**What this task involves**
An exact transcription of all the data is required, with every image removed.

──────── Exercise data

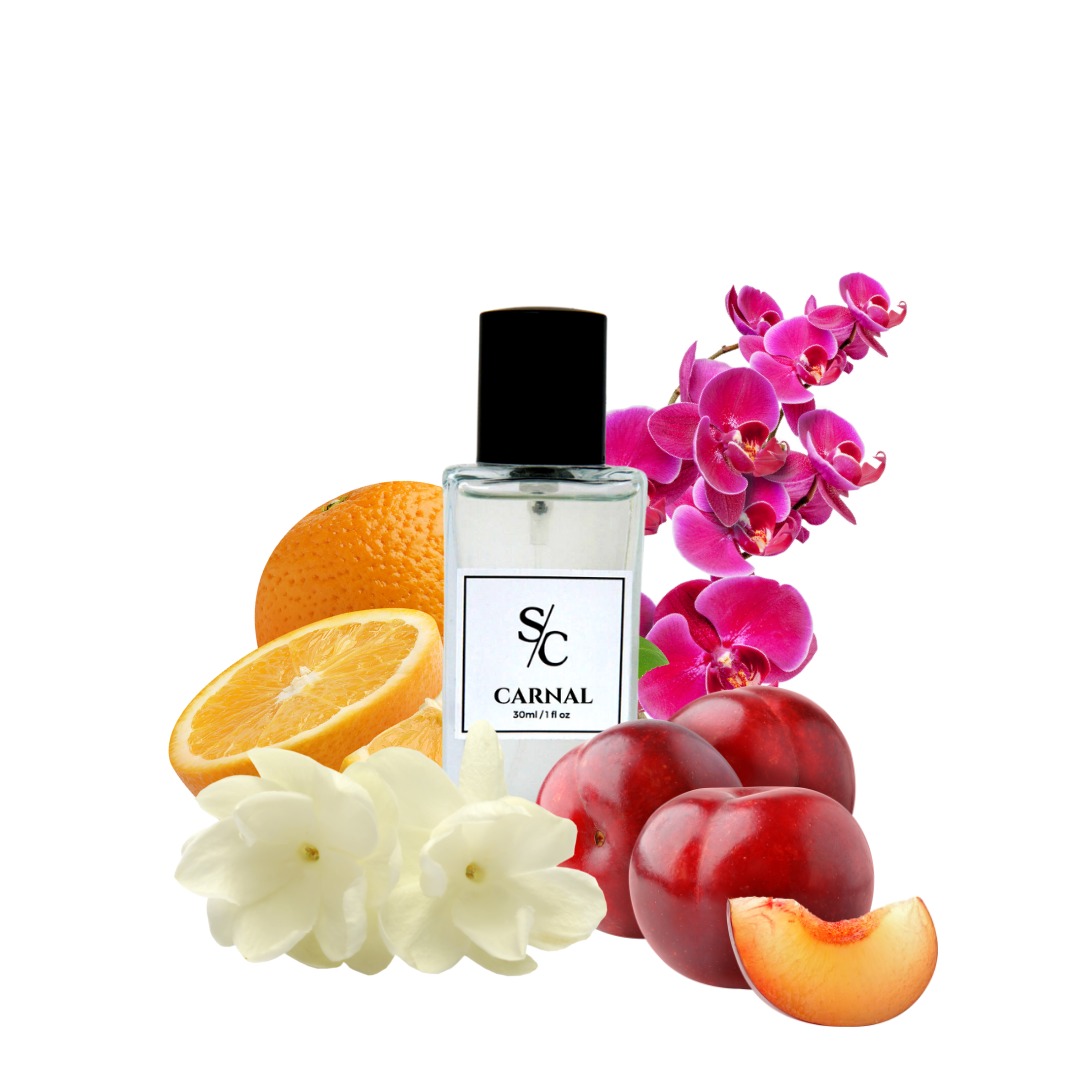 A modern & glamorous creation, Carnal combines the slightly sharp notes of mandarin oranges with the fruity and floral essence of jasmine, plum, orchid and rose.
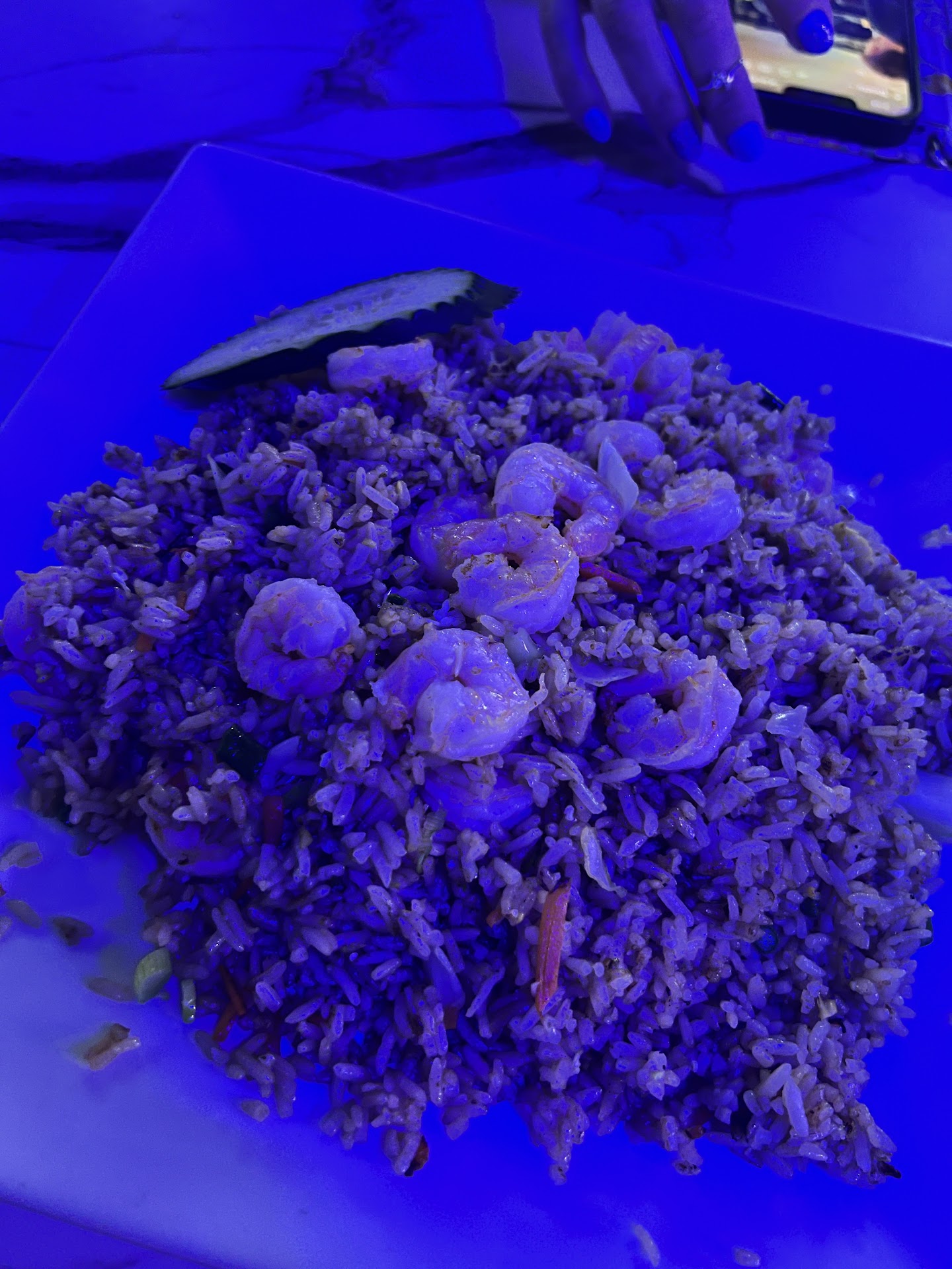 The food: It was good. It hit each aspect that makes a Guyanese-Chinese Fried Rice distinctive. Not too salty, very flavorful from the famous āBrown Sauceā, the rice was not too soft nor too hard and had a great ābiteā to it, and they did not skimp on the shrimp! There was little to no vegetables in the fried rice, and was topped with a slice of soggy cucumber that was bitter and probably frozen then thawed.
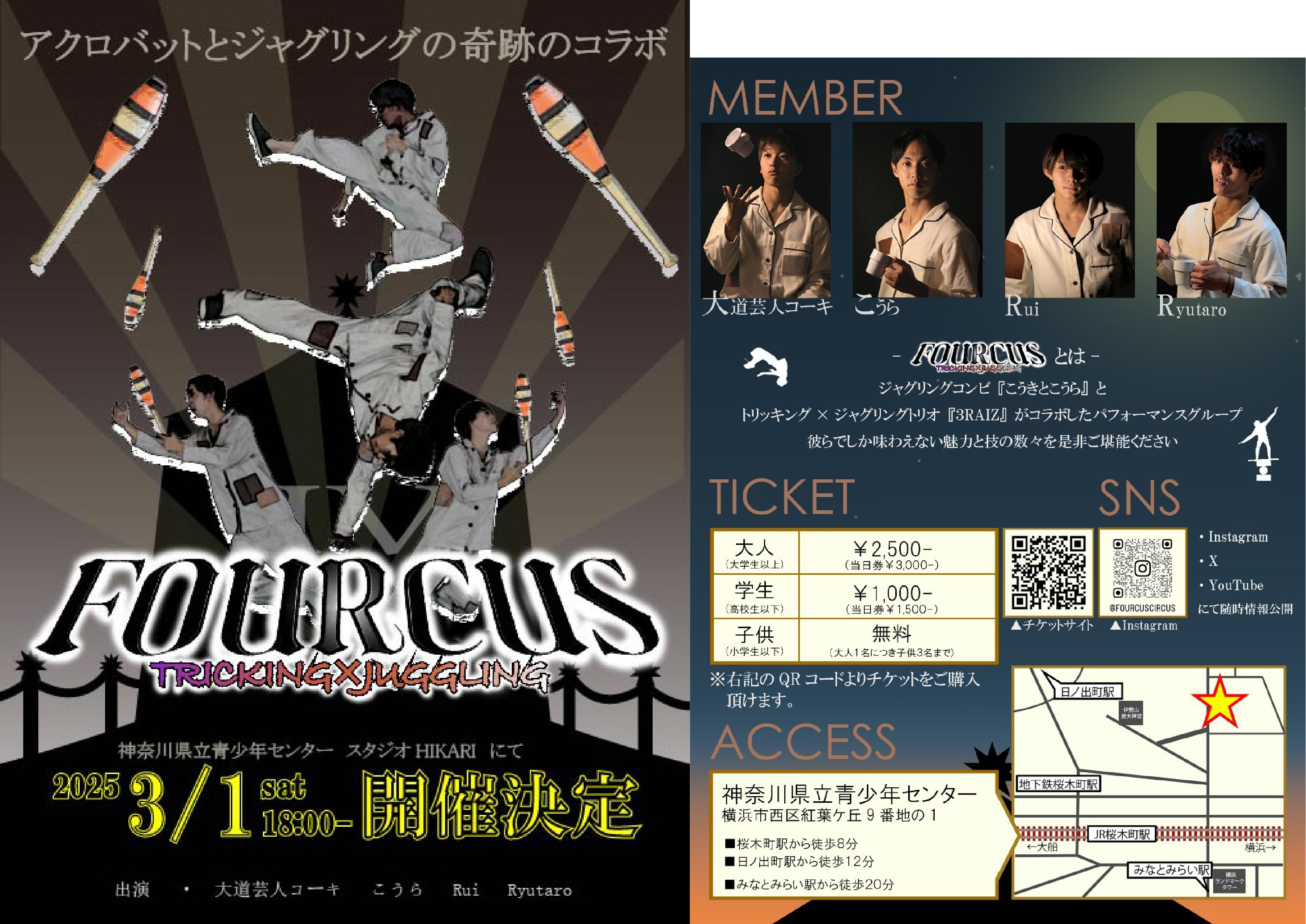 ジャグリングコンビ「こうきとこうら」とトリッキング×ジャグリングトリオ「3RAIZ」がコラボしたパフォーマンスグループ
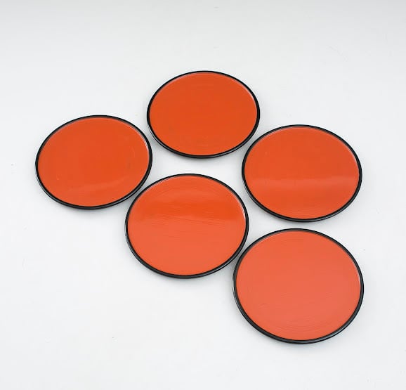 日の丸 銘々皿 菓子皿 菓子器 黒塗朱塗 漆器 茶道具 民藝 日の丸盆 日之丸 漆芸 シンプルデザイン テーブルコーディネート 5枚組 五枚セット【BA248】 | 3hige antique store | 京都・古門前の古美術店 | 三髭堂
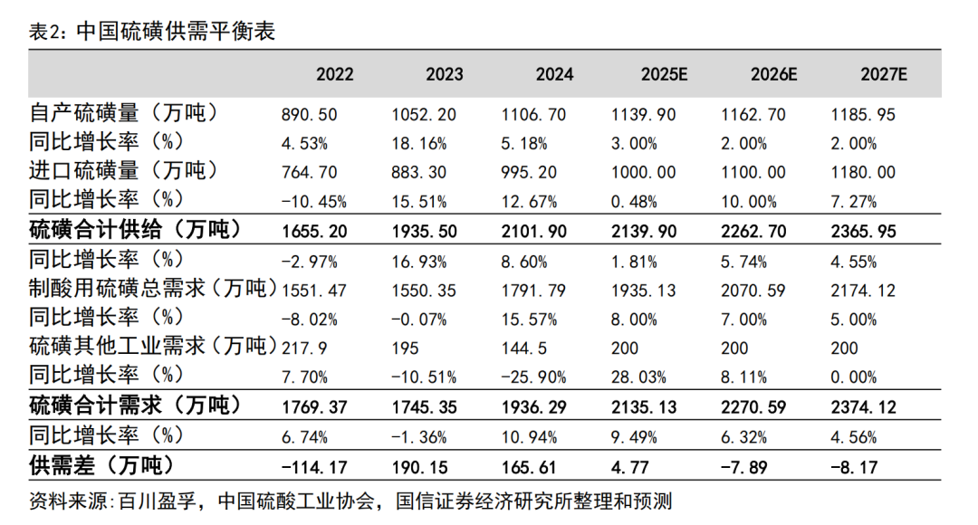 硫磺最重要应用为制备硫酸,硫酸需求预计仍将保持中速增长,这直接导致硫磺全球供应偏紧。2024年中国93%的硫磺被用来制备硫酸。全球约一半的硫酸用来制备化肥,钛白粉、己内酰胺、磷酸铁等也为重要的耗酸化工品。世界肥料协会预测,2025-2027年全球磷肥需求复合增速为1-2%。由于动力电池及储能需求旺盛,带动相关产品产量高增。2024年,磷酸铁产量为189万吨,增速为31%。印尼红土镍矿丰富,高压酸浸路线优势明显,2025年底-2026年底,仍有约30万金属吨镍产能待释放。高压酸浸路线下,制备每金属吨镍需耗酸约30吨。在新能源需求快速释放下,硫酸需求保持中速增长,同时带动硫磺需求增长,导致全球硫磺供需偏紧。

────────────────

**Result for this task**
 A modern & glamorous creation, Carnal combines the slightly sharp notes of mandarin oranges with the fruity and floral essence of jasmine, plum, orchid and rose.
 The food: It was good. It hit each aspect that makes a Guyanese-Chinese Fried Rice distinctive. Not too salty, very flavorful from the famous āBrown Sauceā, the rice was not too soft nor too hard and had a great ābiteā to it, and they did not skimp on the shrimp! There was little to no vegetables in the fried rice, and was topped with a slice of soggy cucumber that was bitter and probably frozen then thawed.
 ジャグリングコンビ「こうきとこうら」とトリッキング×ジャグリングトリオ「3RAIZ」がコラボしたパフォーマンスグループ
 日の丸 銘々皿 菓子皿 菓子器 黒塗朱塗 漆器 茶道具 民藝 日の丸盆 日之丸 漆芸 シンプルデザイン テーブルコーディネート 5枚組 五枚セット【BA248】 | 3hige antique store | 京都・古門前の古美術店 | 三髭堂
 硫磺最重要应用为制备硫酸,硫酸需求预计仍将保持中速增长,这直接导致硫磺全球供应偏紧。2024年中国93%的硫磺被用来制备硫酸。全球约一半的硫酸用来制备化肥,钛白粉、己内酰胺、磷酸铁等也为重要的耗酸化工品。世界肥料协会预测,2025-2027年全球磷肥需求复合增速为1-2%。由于动力电池及储能需求旺盛,带动相关产品产量高增。2024年,磷酸铁产量为189万吨,增速为31%。印尼红土镍矿丰富,高压酸浸路线优势明显,2025年底-2026年底,仍有约30万金属吨镍产能待释放。高压酸浸路线下,制备每金属吨镍需耗酸约30吨。在新能源需求快速释放下,硫酸需求保持中速增长,同时带动硫磺需求增长,导致全球硫磺供需偏紧。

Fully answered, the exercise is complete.